The ability to effectively communicate is a critical skill to most everything in this world worth experiencing.  A successful Information Architect relies on two-way communication and can’t do their job without the ability to effectively communicate on every level.  You have to be able to send and receive.  Artfully.

Effective Interpersonal Communication

From the time I began working at fifteen years old until the onset of my career at the age of twenty-five, I held a multitude of “jobs.”  During these experiences, the most critical skills I took away were all centered in effective communication.  In order for communication to be effective, there are three abilities one must be willing to embrace: to modify your communication to your audience, to retain your composure regardless of the situation, and to exercise comprehension by reiterating what has been told to you.

In the early years, while working in music retail, I learned quickly that I was required to interact with customers who communicated in different ways.  I was unable to expect everyone to conform to my style of communication, so the ability to adjust to theirs was crucial to the tasks at hand.  This was especially apparent as the gentleman who comes in looking for that old Dave Brubeck Quartet album will have a much different demeanor than the teen coming in for the new Green Day CD.  This lesson, the ability to conform my style of communication to my audience, was a critical skill that I developed and practiced every day as I communicated with those who have vastly differing personalities and backgrounds.
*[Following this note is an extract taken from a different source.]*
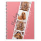 Keep all your notes with this unique and cute personalised rose spiral notebook. Be the one to pick the perfect birthday or christmas present for a dog mum or dog lover. This notebook cover design features four dog personalised pictures with a photo booth style collage, dog name in a black handwritten style typography and the quote: "life is better with a dog" with little white paw prints on both sides, on top of a simple rose background. Make sure to check the spelling of the dog's name. For better results, use photographs with a square shape or horizontal orientation.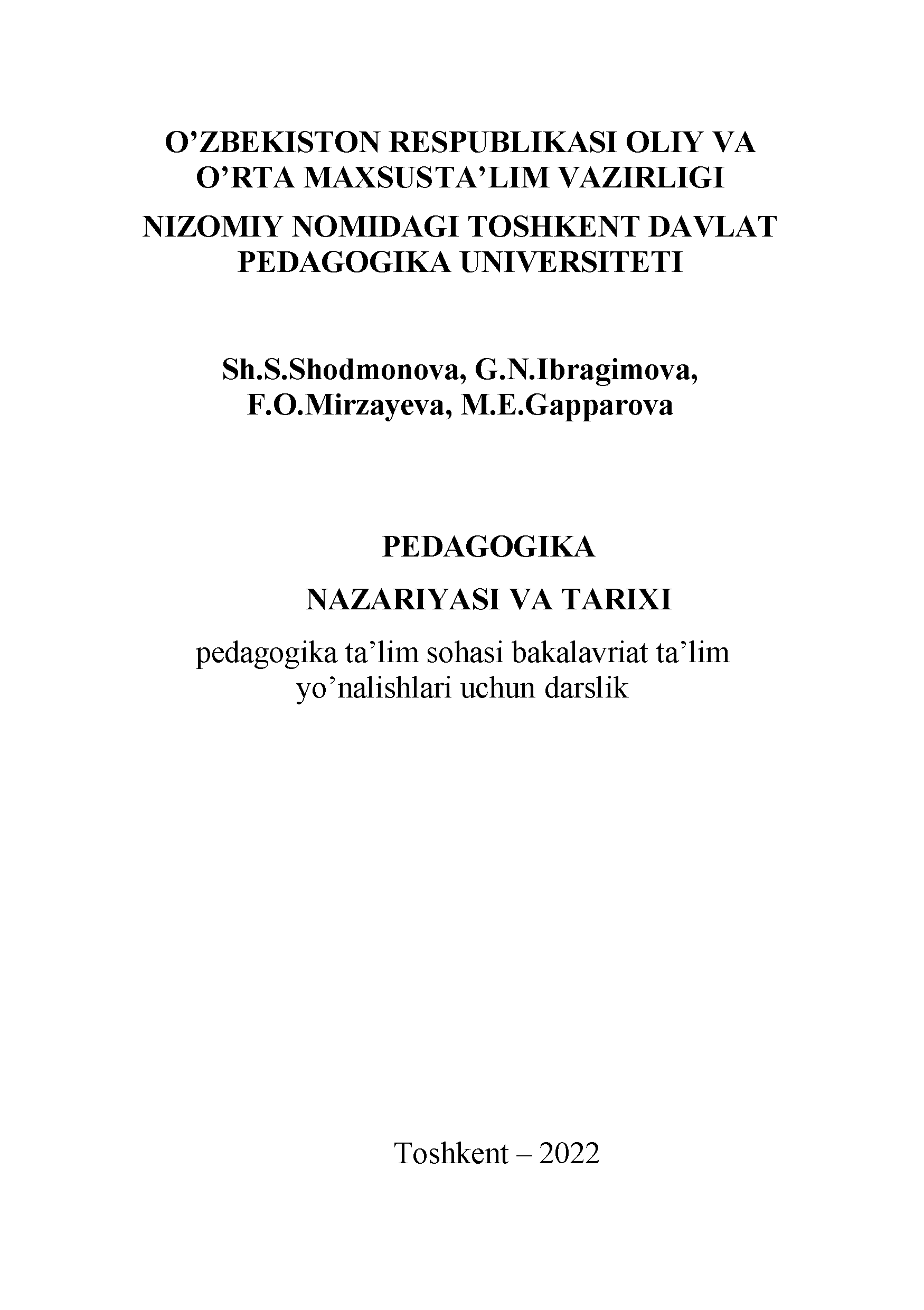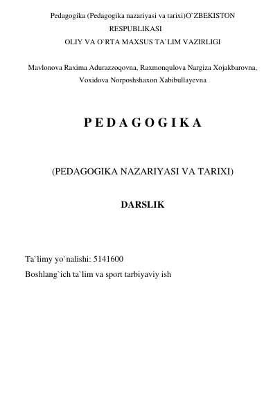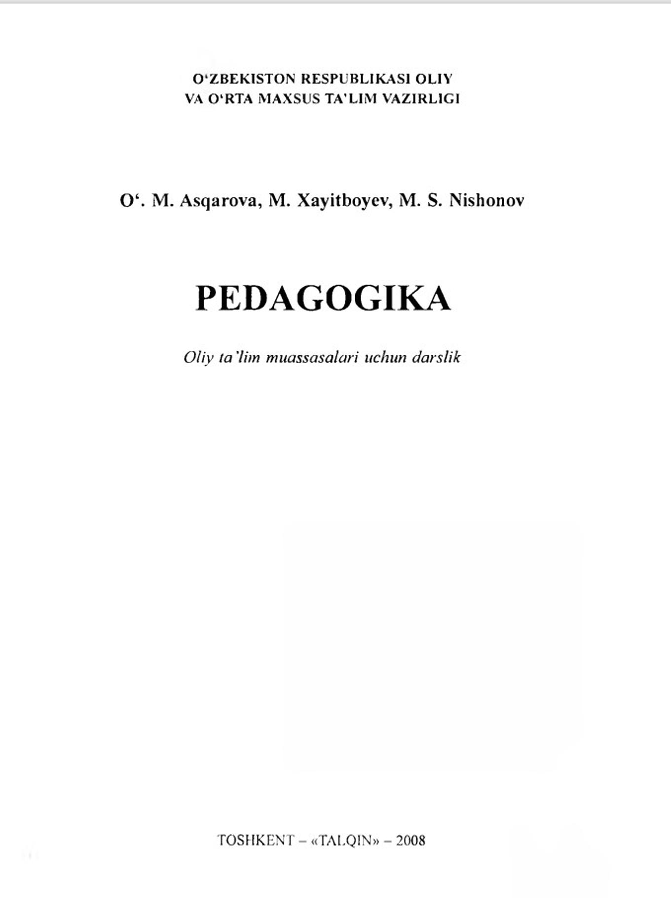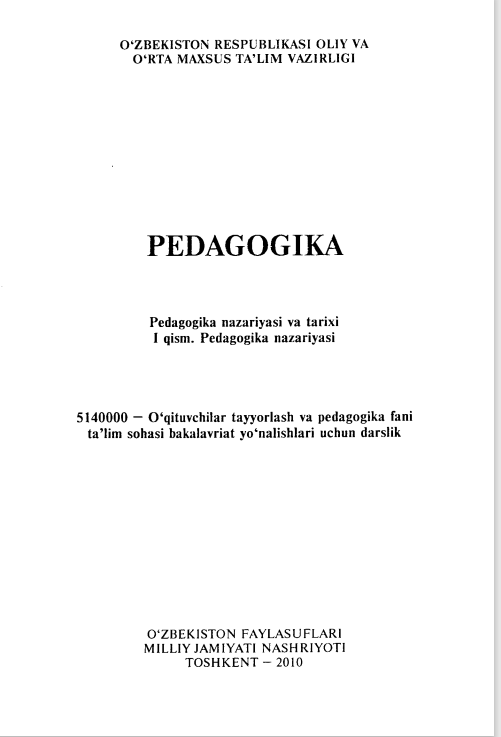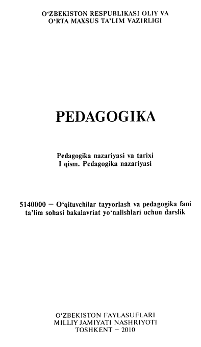 Pedagogika. Pedagogika nazariyasi va tarixi 1 qism. Pedagogika nazariyasi.

Sometimes, in times of duress, it is easy to become exceptionally agitated.  One thing that my prior experience in the restaurant industry taught me is to keep a level head at all times.  At all moments, a restaurant is an organized chaos of barking orders, running food, and constant shuffling behind the scenes while the front end of the restaurant is a friendly experience for the diners.  Being able to maintain composure has done more than elevate the perception others have of me; it has helped to keep me focused and able to continue effective communication.  If you fall into the pitfall of stress and allow it to permeate your ability to think rationally and speak effectively, you lose not only the respect of those working with you, but also the ability to logically reason through the task at hand.

The last skill I learned, although arguably the most important, is reiteration.  I also learned this in the restaurant industry simply by virtue of both being a cook and a server.  I had to repeat what others were saying in order to demonstrate understanding.  It was several years into my career in the IT/website industry, when I began to realize that this still applied.  It was no longer a matter of applying what was requested in terms of food, but any task.  This was an invaluable lesson I learned when working with my employers, employees and clients.  The simple process of repeating what has been spoken to you decreases the likelihood for error tremendously.

These three abilities are what comprise any individual’s ability to effectively communicate in business relations, both internally and externally, with clients.  Nothing can replace the ability to adjust one’s own communication style, retain composure, and reiterate what has been spoken to you.